Aim of the exercise: Give again, word for word, every line in the entries below from the line with "那么多硬才算正常?根据勃起硬" up to and including the line with "Mexen Rio polkruhová", and no other line.

Records for the exercise:
....

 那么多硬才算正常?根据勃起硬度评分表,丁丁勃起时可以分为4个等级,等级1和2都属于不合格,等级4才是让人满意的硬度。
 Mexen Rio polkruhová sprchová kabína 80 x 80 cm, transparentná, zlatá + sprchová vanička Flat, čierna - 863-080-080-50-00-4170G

....

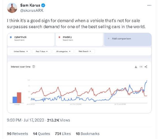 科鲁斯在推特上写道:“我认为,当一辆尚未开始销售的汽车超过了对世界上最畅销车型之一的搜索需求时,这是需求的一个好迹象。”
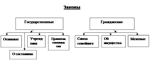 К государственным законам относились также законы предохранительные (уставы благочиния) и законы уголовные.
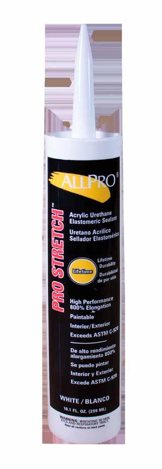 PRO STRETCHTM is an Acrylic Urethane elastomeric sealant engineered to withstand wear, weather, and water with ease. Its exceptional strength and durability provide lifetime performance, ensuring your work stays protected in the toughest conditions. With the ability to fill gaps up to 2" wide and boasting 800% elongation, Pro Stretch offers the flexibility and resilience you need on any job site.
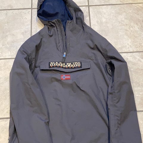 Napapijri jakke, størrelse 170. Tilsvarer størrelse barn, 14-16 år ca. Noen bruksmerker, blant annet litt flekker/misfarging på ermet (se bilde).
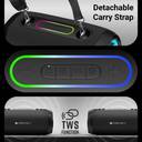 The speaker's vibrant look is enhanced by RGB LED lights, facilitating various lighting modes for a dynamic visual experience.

....

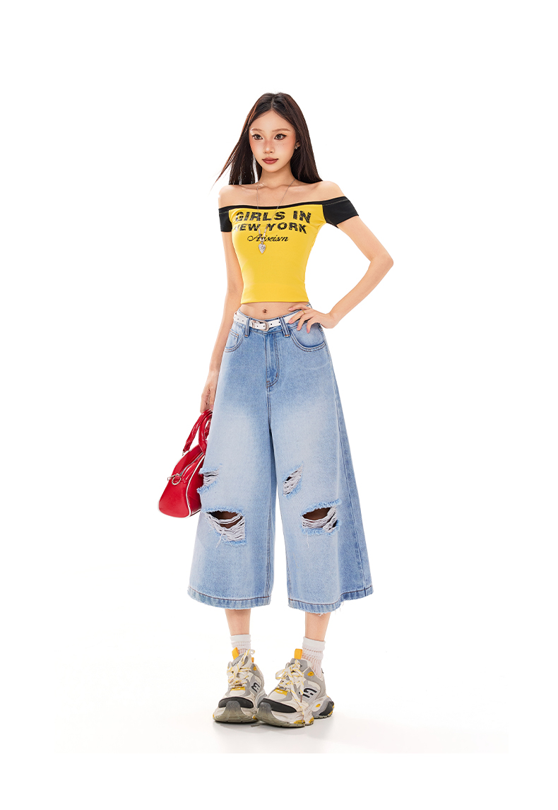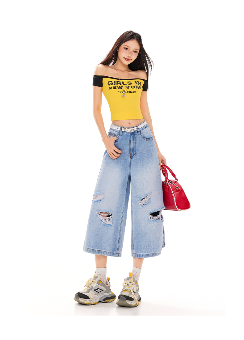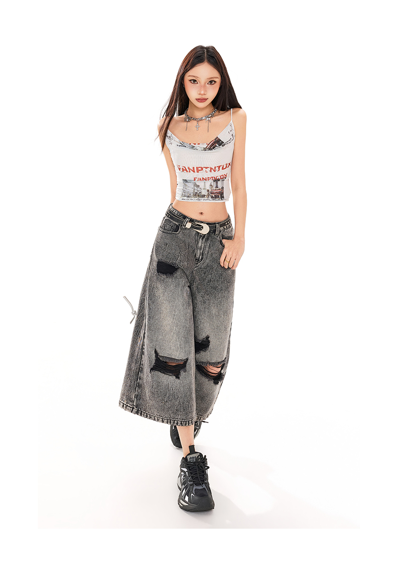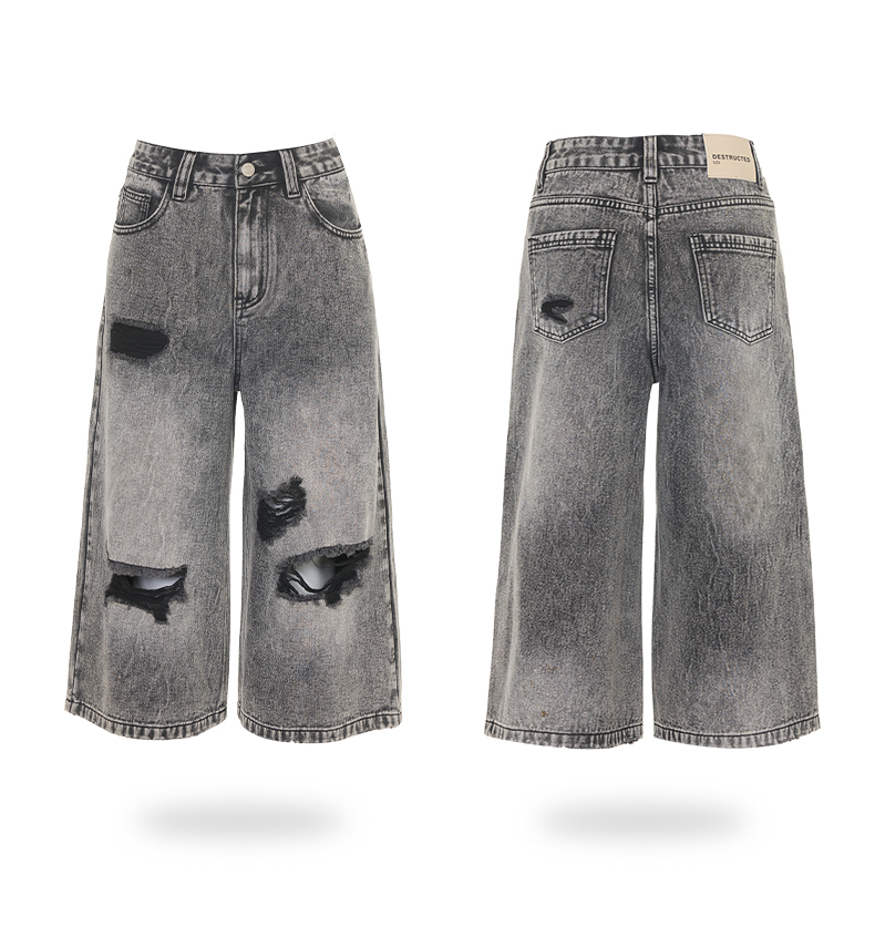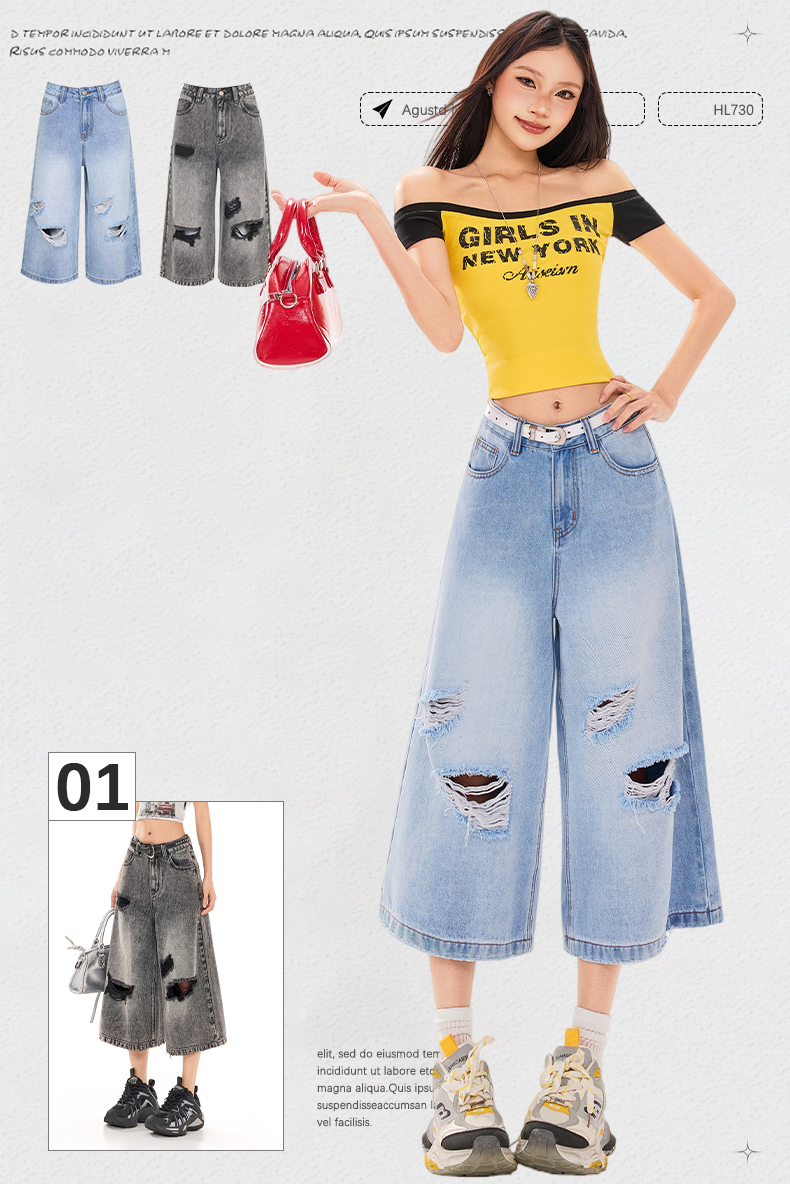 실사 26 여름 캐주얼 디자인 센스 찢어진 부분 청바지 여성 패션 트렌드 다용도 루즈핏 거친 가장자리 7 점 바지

....

Exercise response:
 那么多硬才算正常?根据勃起硬度评分表,丁丁勃起时可以分为4个等级,等级1和2都属于不合格,等级4才是让人满意的硬度。
 Mexen Rio polkruhová sprchová kabína 80 x 80 cm, transparentná, zlatá + sprchová vanička Flat, čierna - 863-080-080-50-00-4170G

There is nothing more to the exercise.